A medida busca atualizar a interpretação da Justiça do Trabalho, em sintonia com a reforma trabalhista (Lei 13.467/2017) e com decisões recentes do Supremo Tribunal Federal (STF), especialmente em casos com repercussão geral ou controle de constitucionalidade.
À reportagem, juristas explicaram o que muda na prática para trabalhadores e empresas em temas como salários, jornada, férias, plano de cargos, terceirização e outros pontos centrais das relações de trabalho.
No caso das férias, o advogado Thiago Caron, especialista em Direito Previdenciário e Trabalhista, explicou que iniciar no sábado era indevido, pois prejudicava o descanso do trabalhador.

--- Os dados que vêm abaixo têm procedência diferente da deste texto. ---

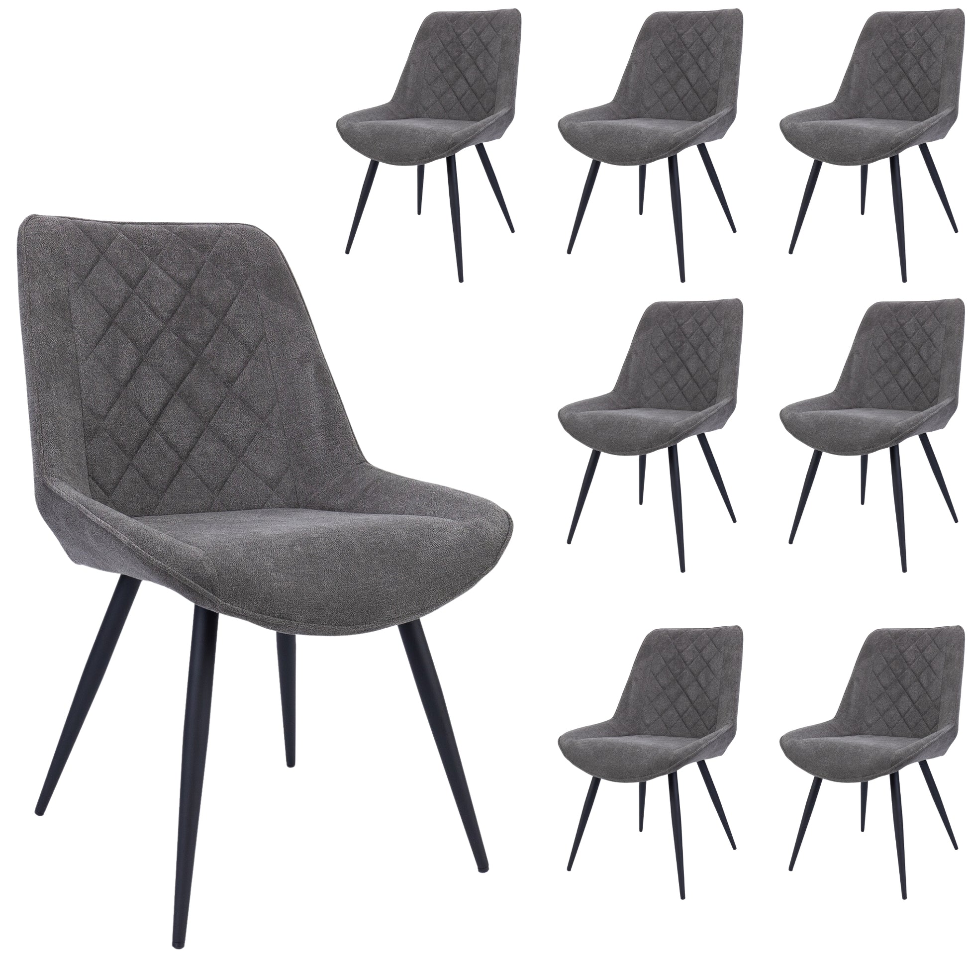 Comfortable dining chairs make cosy dining areas. To enjoy this cosiness, add this beautiful 8-piece set of dining chairs to your dining area. Designed in the Scandinavian style, the chairs are upholstered in polyester fabric and have strong, tapered, black legs made of black powder-coated steel. A padded back makes them even more comfortable, giving them a unique look. The chairs look stunning in all decor settings, thanks to their inviting shape and graphite-coloured fabric upholstery. A metal frame gives them great strength. A one-year warranty is included with the fully assembled chairs.

“Mas afinal, o que muda? A CLT (Consolidação das Leis do Trabalho) não proíbe o início das férias no sábado, e a jurisprudência passou a considerar a prática regular. Assim, as empresas podem programar férias aos sábados sem risco de nulidade”.
No entendimento do advogado trabalhista Alberto Nemer Neto, a decisão do TST de cancelar 36 súmulas e orientações jurisprudenciais é um marco para o Direito do Trabalho contemporâneo.
“Mais do que uma mudança técnica, ela representa um realinhamento institucional com os princípios da Reforma Trabalhista e com as diretrizes constitucionais firmadas pelo STF”.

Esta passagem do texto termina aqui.